Johann Wolfgang Goethe

Liebe Leserinnen und Leser
Gegen den Strom schwimmen ist zwar anstrengender, als sich mit der Strömung treiben zu lassen. Dennoch gibt es immer mehr Menschen, die es wagen, sich von der Masse abzuheben.
Als Vegetarier oder gar Veganer kennt man die Folgen: Plötzlich muss man seine Handlungen rechtfertigen, obwohl man diese für selbstverständlich hält.
Wenn man zur blossen Lustbefriedigung des Gaumens Tiere töten lässt und die Umwelt belastet, muss man dies heute niemandem begründen, weil dies die Mehrheit der Menschen in Europa tut. Wenn man aber aus ethischen Überlegungen nicht bereit ist, ein Tier zu töten, um es aufzuessen, kommt man um regelmässige Rechtfertigungen gegenüber den fragenden Mitmenschen kaum herum.
Ein Fleischesser wird nie gefragt, woher er sein Vitamin C bezieht (das in tierischen Produkten kaum vorkommt). Hingegen kennt jeder Vegetarier (und noch viel mehr jeder Veganer) die Frage nach seiner Eiweissversorgung usw.
Ähnlich ergeht es den Bauern, die ihre Felder nicht mehr mit tierischen Fäkalien düngen. Da sie noch eine kleine Minderheit bilden, müssen sie sich immer wieder dafür rechtfertigen, keine Tiere auf ihrem Hof zu halten, um sie zu schlachten.

Doch ein Trost bleibt: In der ganzen Menschheitsgeschichte haben nur die Menschen, die aus der Reihe tanzten, die Menschheit weitergebracht.

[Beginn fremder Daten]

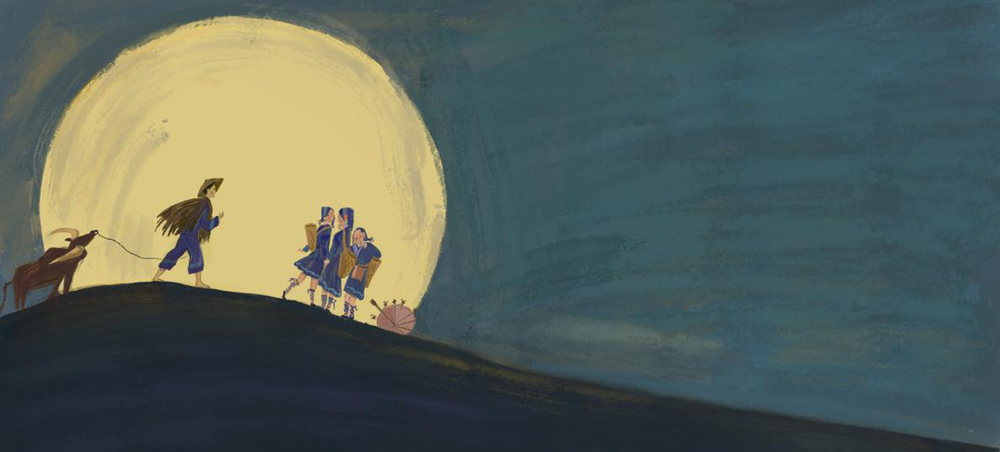 露从今夜白,月是故乡明。仲秋之节,是一个寄予了团圆相思之情的日子。在这个有着悠久历史传统的日子,月亮穿越千年永远亘古不变,永远陪伴在我们每一个人身边。画中几乎占据一半空间的那轮明月,渐渐从山坡后升起,依旧着每一天的照耀,为晚归的行人照亮归家的路,为深夜依旧忙碌生机的她的子民送去陪伴,为在外的游子送去对家乡的思念。作者的整幅画面尤为的干净,就如同那轮干净无瑕的明月,画面中心一反常态地侧重在左侧,牵牛的苗家少年,背筐拿伞的少女在前面嬉闹,一同从山坡上走来。我们不知道他们从何处归来,也不知他们往何方归去,但是无论山河海洋,总有头顶的那轮明月为他们照亮前方的路。

Es gehörte aber schon immer etwas Mut und Eigenverantwortung dazu, das zu tun, was man für richtig hält, und nicht bloss das, was Tradition ist.
Immer wieder hört man heute Aufrufe zu mehr Zivilcourage. Solange es so allgemein und unverbindlich bleibt, sind alle dafür. Sobald jemand aber ganz konkret Zivilcourage in einem Bereich zeigt, ist dies ein Angriff auf den gewöhnlichen Alltagstrott der Massen und somit höchst unangenehm.
Es bleibt zu hoffen, dass die Selbstverantwortung künftig wieder mehr Gewicht gewinnt gegenüber den eingefahrenen Verhaltensmustern, deren negative langfristige Folgen immer sichtbarer werden. Verantwortung für das eigene Handeln kann man aber nur übernehmen, wenn man auch über die nötigen Informationen für die eigenen Entscheide verfügt. Das Vegi-Info hilft Ihnen deshalb, die Folgen Ihrer Handlungen besser beurteilen zu können, und zeigt Alternativen auf, welche für Mensch, Tier und Umwelt positive Auswirkungen haben.